In classical productivity literature, changes in efficiency over time can be broadly divided into five categories [12]: (1) producing the same outputs with fewer resources, (2) producing more outputs without changing the resources used, (3) producing more outputs with fewer resources, (4) provide a larger increase in the outputs for an increase in inputs, and (5) provide a smaller reduction in outputs for the expected decrease in resources. The first three components are referred to as “technical efficiency,” and the last two—as “scale efficiency.” The total productivity growth achieved by the unit is estimated through the Malmquist index, first introduced by Caves et al. [5] and later extended by Fare et al. [11]. It is defined using the distance functions and does not require any assumptions regarding efficiency; therefore, it can distinguish between the factors causing chances in productivity. In a DEA setting, Malmquist index measures the change between data points by providing the ratio of distances from each data point to a common technology. As a result, it is decomposed into the technological change (TC) and efficiency change (EC). The latter is in turn is divided into the PEC (pure efficiency change) and SEC (scale efficiency change) indices for variable and constant returns to scale [20], respectively. Technical efficiency is the overall change in production technology, which reflects the movement in the production frontier. Pure efficiency change component is measured relative to the true VRS frontier; where SEC is the “magnitude” component [11], which quantifies the productivity loss or gain of the unit itself. As a result, the Malmquist index is the product of change in relative efficiency between two different time periods, and the value of index equal to 1 implies no change in total factor productivity, less than 1—deterioration, more than 1—growth. Same interpretation applies to each individual component, and the different DMUs can be compared to each other directly in their changes of the Total Factor Productivity Change (TFPC).

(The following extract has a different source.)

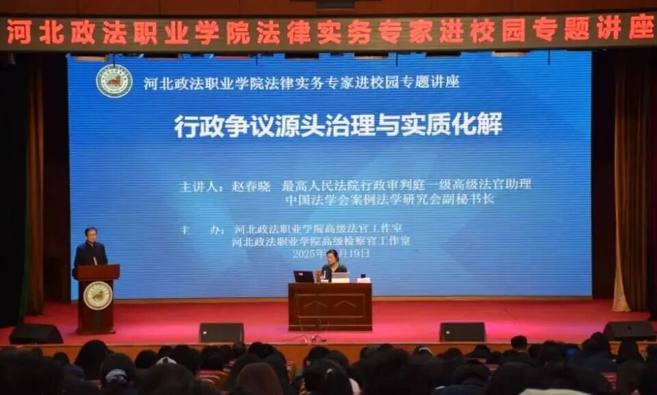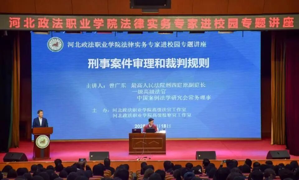 三位专家分别在学校礼堂为师生举办专题讲座。曾广东的授课题目是《刑事案件审理和裁判规则》,赵春晓的授课题目是《行政争议源头治理与实质化解》,冯小光的授课题目是《构建“大调解”新格局:中国特色矛盾纠纷化解机制全景探析》,内容涵盖刑法、民法和行政法领域,专家们结合丰富的审判经验,运用大量真实案例,对司法实践中的痛点难点进行了讲解。师生们听完讲座后积极向三位专家提问,专家们结合多年实务工作经验和深厚的理论功底,深入浅出地为师生们答疑解惑,取得了良好的互动效果。

5 An Application: Effectiveness of the Marketing Strategies
To illustrate the DEA capacities to evaluate efficiency of marketing strategy we choose an automotive company in Russia. The effectiveness of the company’s marketing strategy is measured relative to other competing brands. In Table 1 we can see the efficiency scores, where effective brands get hundred, and non-efficient strategies have scores below hundred percent. We can also observe the change of efficiency in time. For example, marketing strategy of the car 9 was inefficient in 2017, and become efficient in 2018; and vice versa, brands of the cars 3 and 12 was inefficient in 2017 and become efficient in 2018. Finally, six brands have inefficient marketing strategies in both periods (Fig. 1).
Tables 2 and 3 shows efficiency breakdown for the specific models of the analyzed brand with respect to spending via certain advertising channel. In Fig. 2, a one (1) against a channel shows that advertising through it was contributing to increased sales of an indicated model. To increase sales of the brands, they use advertising channels differently. For example, car 1 use regional TV channel only, and car 2 also use satellite TV. Regional TV is the most popular advertising channel to contribute in the cars sales. It is used by sixteen brands out of seventeen under study. Next popular advertising channels are outdoor marketing (10 cars use it) and satellite TV with 9 cars which use it.
In Table 3, the one against a channel for a specific model indicates that the company spent too much in resources for the level it achieved for a certain brand. When taken together, this information can help the company evaluate its marketing strategy. For example, spending on advertising in national TV was efficient for Cars 1, 9, 10, 12, 13–15; for all the other ten models, the company can cut national TV advertising without hurting the sales. DEA provides the exact “slack” numbers that could be cut without losing efficiency.
Table 4 presents marketing improvements or targets. For inefficient brands it shows the percentage of how much advertising spending should be reduced to increase sales. Also, it shows how sales will increase, in percentage, if the spending will be decreased respectively, as recommended. For example, car 3 have to cut digital advertising costs by approximately 19%, press advertising costs—by 72%, radio—by 19%, satellite TV—by 99%, national TV—by 40%, and regional TV—by 18%; which will lead to increase in sales by 20%.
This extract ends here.